Turturro Francesco, Von Burton Gary, Friday Ellen
Department of Medicine, Feist-Weiller Cancer Center, Louisiana State University Health Science Center, Shreveport, Louisiana 71103, USA.
Clin Cancer Res. 2007 Jun 15;13(12):3724-30. doi: 10.1158/1078-0432.CCR-07-0244.
We studied the hyperglycemia-induced expression of thioredoxin-interacting protein (TXNIP) expression and its relevance on the cytotoxic activity of paclitaxel in mammary epithelial-derived cell lines.
Nontumorigenic cells (MCF10A); tumorigenic, nonmetastatic cells (MCF-7/T47D); and tumorigenic, metastatic cells (MDA-MB-231/MDA-MB-435s) were grown either in 5 or 20 mmol/L glucose chronically. Semiquantitative reverse transcription-PCR was used to assess TXNIP RNA expression in response to glucose. Reactive oxygen species were detected by CM-H2DCFDA (5-6-chloromethyl-2',7'-dichlorodihydrofluorescein diacetate) and measured for mean fluorescence intensity with flow cytometry. Thioredoxin activity was assayed by the insulin disulfide-reducing assay. Proliferation was evaluated using CellTiter96 reagent with 490-nm absorption. Obtained absorbance values were used to calculate the paclitaxel IC(50) in 5 or 20 mmol/L glucose using the Chou's dose-effect equation.
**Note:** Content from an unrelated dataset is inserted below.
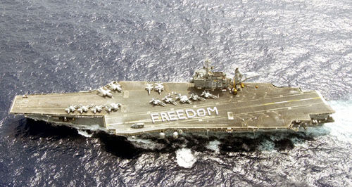 美国派遣庞然大物般的“华盛顿”号核动力航母常驻西太平洋地区,引起了广大亚太国家的关注。据美国合众国际社报道,美国高级新闻分析人士西夫认为,美国对庞然大物般的核动力航母的迷恋,是过分自信的结果。二战结束以来,美军航母横行世界许多海区,从来没有被击沉过,包括1950年的朝鲜战争、上世纪60年代的越南战争、1991年的海湾战争、1999年的科索沃战争、2001年的阿富汗战争和2003年的伊拉克战争。美国许多人认为,这些战争表明,美国航母是不可战胜的。美国一些军政要员更认为,“华盛顿”号核动力航母犹如海上永久漂浮的堡垒,可以比“小鹰”号常规航母更有效地显示美国的威慑能力。

We show that hyperglycemia by itself affects the level of TXNIP RNA in breast cancer-derived cells. TXNIP RNA level differs between nontumorigenic/nonmetastatic, tumorigenic cells (low TXNIP level), and metastatic cells (high TXNIP level). The differences in TXNIP RNA level, in reactive oxygen species level, and in thioredoxin activity are all related. We further show that hyperglycemia is a favorable condition in increasing the paclitaxel cytotoxicity by causing IC(50) 3-fold decrease in metastatic breast cancer-derived MDA-MB-231 cells. The increased paclitaxel cytotoxicity is associated with an additive effect on the hyperglycemia-mediated TXNIP expression more evident in conditions of hyperglycemia than normoglycemia.
Our study opens a new perspective on the relevance of metabolic conditions of hyperglycemia in the biology and treatment of cancer, particularly in view of the epidemic of diabetes.
我们研究了高血糖诱导的硫氧还蛋白相互作用蛋白(TXNIP)表达及其与紫杉醇在乳腺上皮来源细胞系中细胞毒性活性的相关性。
非致瘤性细胞(MCF10A);致瘤性、非转移性细胞(MCF-7/T47D);以及致瘤性、转移性细胞(MDA-MB-231/MDA-MB-435s)长期在5或20 mmol/L葡萄糖中培养。采用半定量逆转录聚合酶链反应评估TXNIP RNA表达对葡萄糖的反应。用CM-H2DCFDA(5-6-氯甲基-2',7'-二氯二氢荧光素二乙酸酯)检测活性氧,并通过流式细胞术测量平均荧光强度。通过胰岛素二硫键还原试验测定硫氧还蛋白活性。使用CellTiter96试剂在490 nm吸光度下评估细胞增殖。获得的吸光度值用于使用Chou剂量效应方程计算5或20 mmol/L葡萄糖中的紫杉醇IC(50)。
我们表明,高血糖本身会影响乳腺癌来源细胞中TXNIP RNA的水平。TXNIP RNA水平在非致瘤性/非转移性、致瘤性细胞(低TXNIP水平)和转移性细胞(高TXNIP水平)之间存在差异。TXNIP RNA水平、活性氧水平和硫氧还蛋白活性的差异均相关。我们进一步表明,高血糖是增加紫杉醇细胞毒性的有利条件,可使转移性乳腺癌来源的MDA-MB-231细胞的IC(50)降低3倍。紫杉醇细胞毒性增加与高血糖介导的TXNIP表达的相加效应相关,在高血糖条件下比正常血糖条件下更明显。
我们的研究为高血糖代谢状况在癌症生物学和治疗中的相关性开辟了新的视角,特别是鉴于糖尿病的流行。